2. Lassen van hittebestendig staal met gemiddelde en lage legering

(1) Kenmerken van het lassen van hittebestendig staal van gemiddelde en lage legeringen: Middel-en laag gelegeerd hittebestendig staal is een soort van gelegeerd staal voornamelijk samengesteld uit Cr-Mo als de belangrijkste legeringselementen.
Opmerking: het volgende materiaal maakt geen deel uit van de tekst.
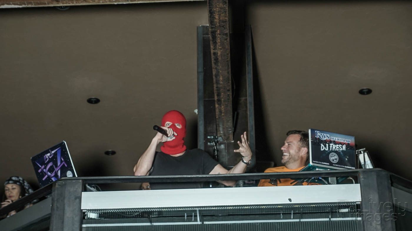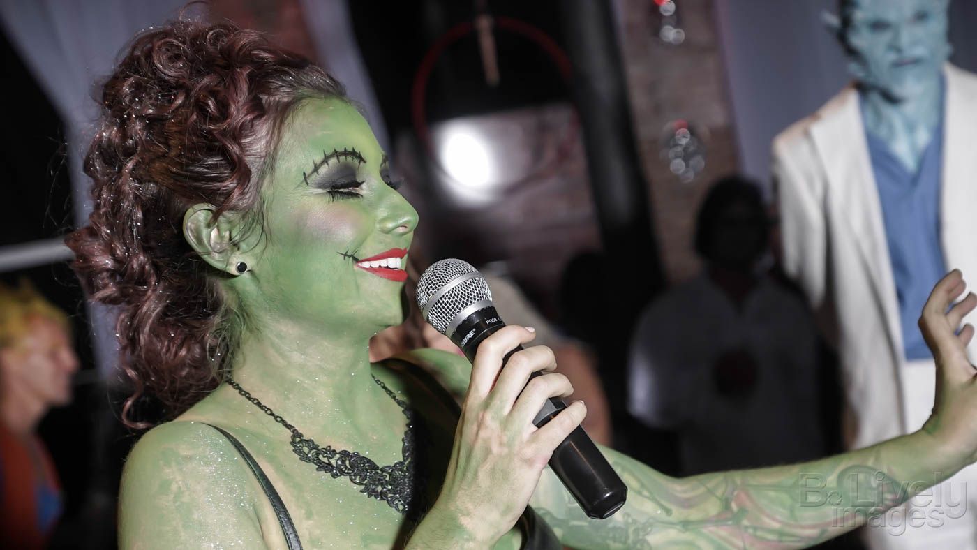 DJ Ich played the best dance music all night that kept the party going! Then DJ Fresh (the official DJ of The Tampa Bay Rays) arrived and hosted the costume contest with me (on-stage I’m Gypsy Allure, as green Frankie-Stein).

Hun lasproces heeft de volgende kenmerken:

Ten eerste hebben deze staalsoorten verschillende hardingsgraden op basis van hun legeringsinhoud en het lasmetaal en de warmte-beïnvloede zone kunnen microstructuren vormen die gevoelig zijn voor koudscheuren.
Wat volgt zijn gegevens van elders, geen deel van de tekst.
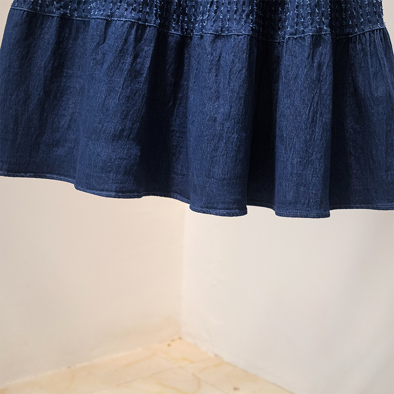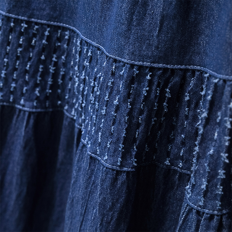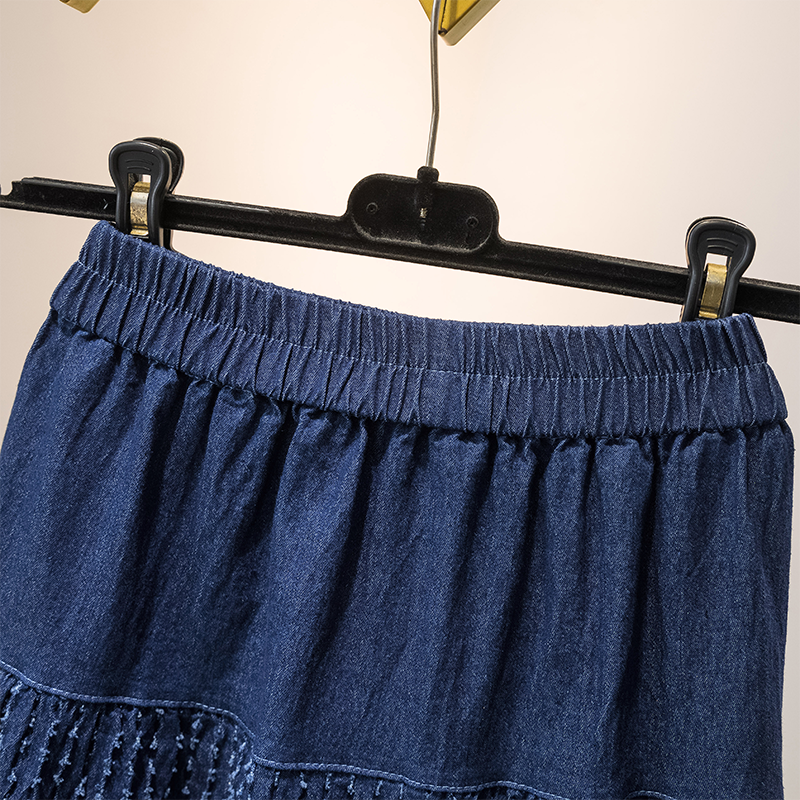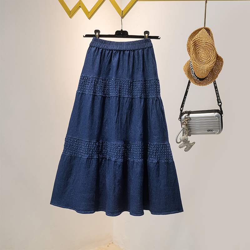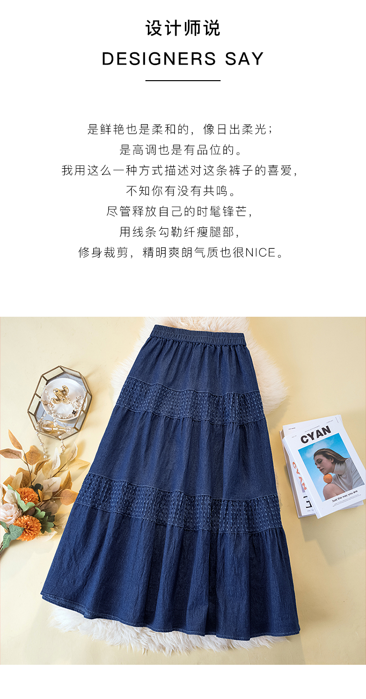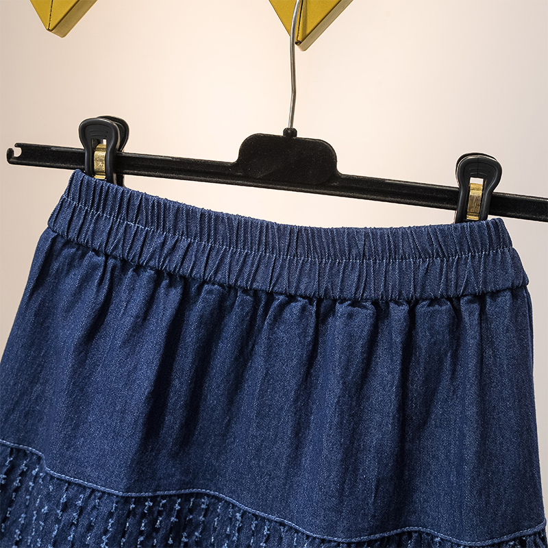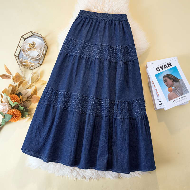 실사 빅 사이즈 여성 의류 2026 이른 봄 자수 패치워크 워시 물 데님 반신 스커트 파란색 빅 플레어 스커트

Ten tweede bevatten de meeste hittebestendige staalsoorten elementen zoals Cr, Mo, V, Nb en Ti die sterke carbiden vormen, waardoor ze in verschillende mate gevoelig zijn voor reheat cracking (ook wel stress-relief cracking genoemd) in de warmte-beïnvloede zone.
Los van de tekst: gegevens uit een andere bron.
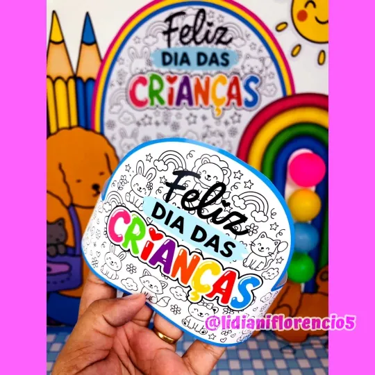 Arquivo digital pronto para imprimir com arco-íris, lápis gigantes e personagens estilo Bobbie Goods — perfeito para decorar, brincar e fazer fotos inesquecíveis no Dia das Crianças.

Ten slotte kunnen bepaalde hittebestendige stalen lasverbindingen brosheid vertonen wanneer het totale gehalte aan schadelijke restelementen de toegestane limiet overschrijdt.

1) Hardbaarheid en gevoeligheid voor koudscheuren van afschrikbare staalsoorten:

De hardbaarheid van afschrikbare staalsoorten hangt af van hun koolstofgehalte, legeringselementen en hun respectieve hoeveelheden. De belangrijkste legeringselementen in laaggelegeerd hittebestendig staal, zoals chroom en molybdeen, verbeteren de hardbaarheid van het staal aanzienlijk.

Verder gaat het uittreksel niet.